In this study, we examine the interface between seed dispersal, seed predation, and herbivory within the phytochemical traits of 12 sympatric species of Piper (Piperaceae). We use comparative metabolomics to explore whether and how differential selective pressures and constraints across reproductive and vegetative tissues have shaped tissue- and species-level diversification and distribution of secondary metabolites. Our specific objectives are to:
A) Describe the occurrence patterns of secondary metabolites across reproductive and vegetative tissues in the focal species. This is done using untargeted LC-MS-MS based metabolomics and molecular networking, along with in-silico fragmentation modeling, machine learning, and distance-based comparisons of tissue- and species-level patterns of metabolite occurrence and structural relationships. As exploratory work, this aims to inform our understanding of the potential functions of particular secondary metabolites or classes of metabolites, based on where they occur in the plant.

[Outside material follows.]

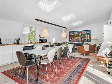 Hovedhuset rummer et stort og skønt køkkenalrum med køkkenafdeling, stue samt spiseområde, hvor der er plads til hele familien eller vennerne. Her venter jer en stor sofagruppe, fladskærmstv og brændeovn, hvor hyggen kan finde sted i aftentimerne. Hertil er der et flot spisebord parat til feriens måltider samt et lyst og funktionelt køkken. I køkkenalrummet er der ovenlysvinduer, som giver et fantastisk naturligt lysindfald med den gode loftshøjde.

B) Test the hypothesis that animal-dispersed fruit acts as an incubator of phytochemical diversification in plants, owing to the variety of fruit-focused ecological interactions as well as the direct fitness consequences of those interactions. To accomplish this, we compare multiple dimensions of phytochemical diversity across leaves and fruit tissues, both based on secondary metabolite occurrence and on metabolite structural relationships.
Results/Conclusions
A) Among 1312 secondary metabolites found across species and tissue types, 92 were found only in fruit, while 4 were restricted to leaves. Random forest analysis indicated that the secondary metabolites most predictive of tissue type were spread across all major structural classes represented within the study. The high proportion of metabolites shared across fruits and leaves suggests that the defensive functional characteristics most often ascribed to foliar secondary metabolites may also apply in fruit. Meanwhile, the occurrence of fruit-specific metabolites across a range of structural classes suggests that modifications of function are often required to suit the fruit-specific constraints of concurrent defense against antagonists and palatability to mutualists.
B) In their alpha diversity of secondary metabolites, leaves and fruit exhibited a strong interaction (LMM; p < 0.001) between tissue type and species, illustrating the wide variation from species to species in the relative richness of each organ. Meanwhile, fruit exceeded leaves in secondary metabolite beta diversity (βw ; p < 0.001) and in chemical structural dissimilarity (cosθ ; p < 0.001). Our results point to limited physiological or evolutionary constraints on the divergence of secondary metabolomes across plant tissues, along with a peak of chemical diversity in reproductive tissues.